## DESCRIPTION OF THE TASK
Would you return, word for word, the lines running from the one with "Pour clore le" to the final line of the listing below, pictures omitted?

## SOURCE DATA

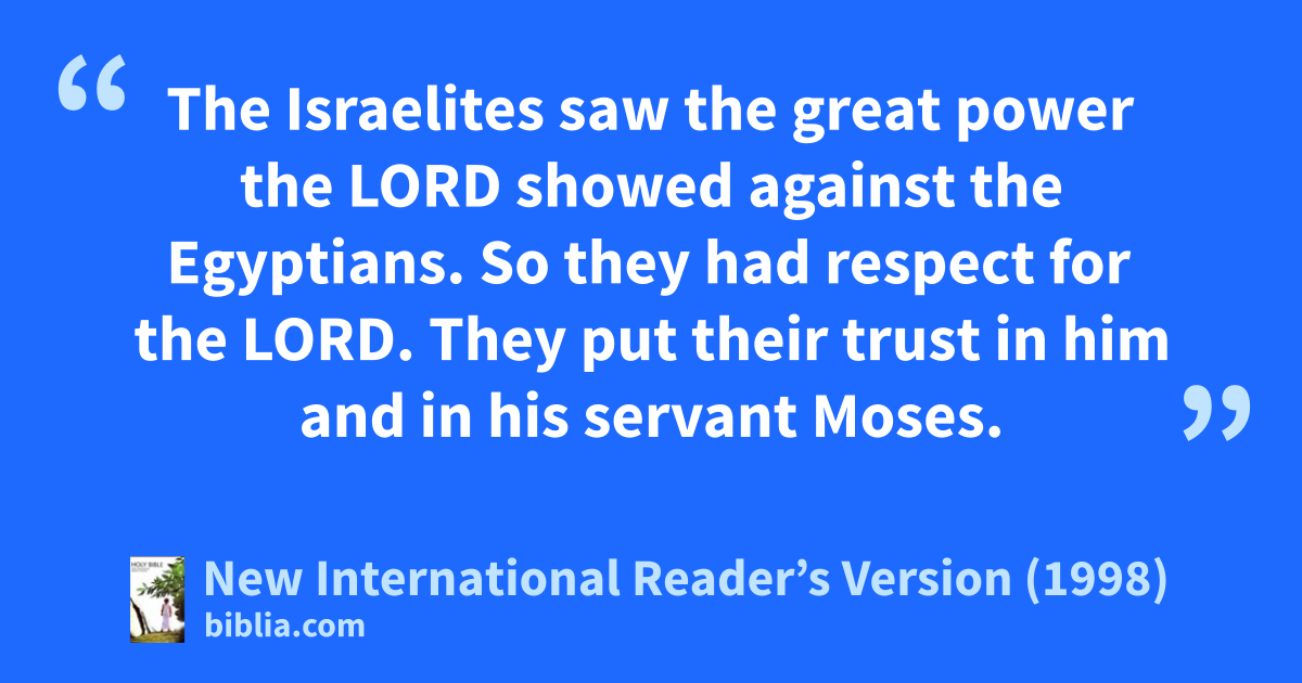 29But the Israelites went through the sea on dry ground. There was a wall of water on their right side and on their left. 30That day the Lord saved Israel from the power of Egypt. Israel saw the Egyptians lying dead on the shore. 31The Israelites saw the great power the Lord showed against the Egyptians. So they had respect for the Lord. They put their trust in him and in his servant Moses.
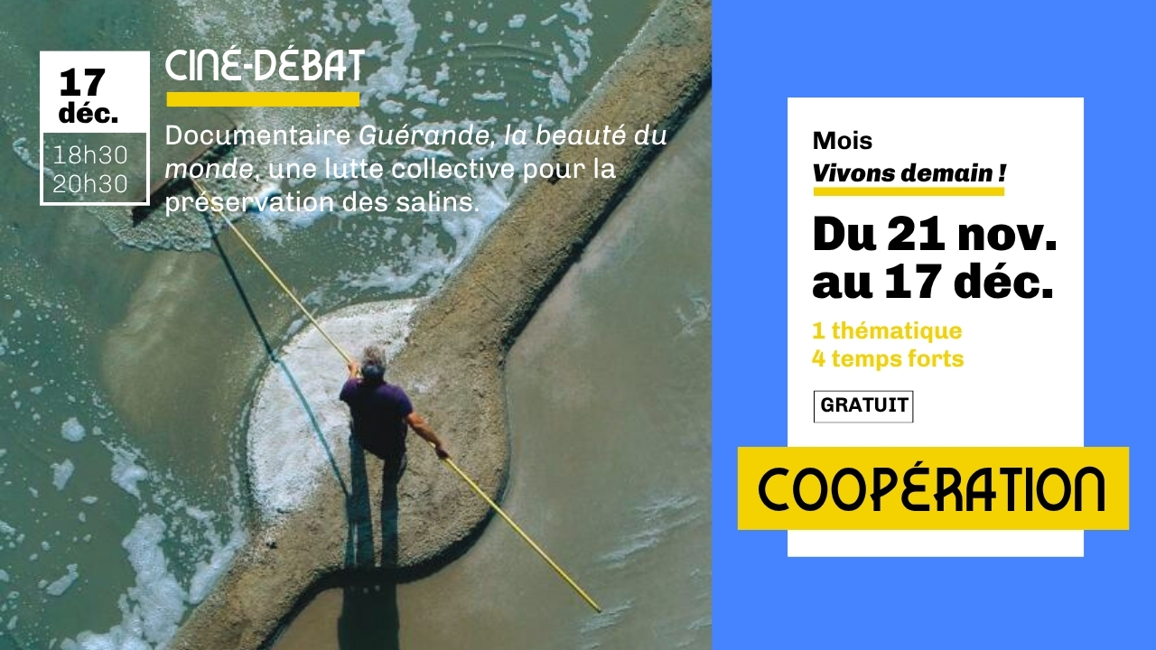 Pour clore le Mois Vivons Demain consacré à la coopération, nous t’invitons à un ciné-débat autour du film documentaire “Guérande, un peu de la beauté du monde”. Ce film retrace […]
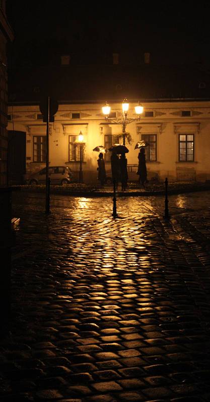 Igazából ezért indultunk el feleségemmel, hogy lefotózhassam az esernyős szobrokat. Nyáron, ragyogó napsütésben, virágokkal körbeültetve, pontosan erre a nyirkos, esős, már-már hideg, késő őszi estét idézi elénk ez a szoborcsoport. De nyáron ki akar erre gondolni?

## WORKED SOLUTION
 Pour clore le Mois Vivons Demain consacré à la coopération, nous t’invitons à un ciné-débat autour du film documentaire “Guérande, un peu de la beauté du monde”. Ce film retrace […]
 Igazából ezért indultunk el feleségemmel, hogy lefotózhassam az esernyős szobrokat. Nyáron, ragyogó napsütésben, virágokkal körbeültetve, pontosan erre a nyirkos, esős, már-már hideg, késő őszi estét idézi elénk ez a szoborcsoport. De nyáron ki akar erre gondolni?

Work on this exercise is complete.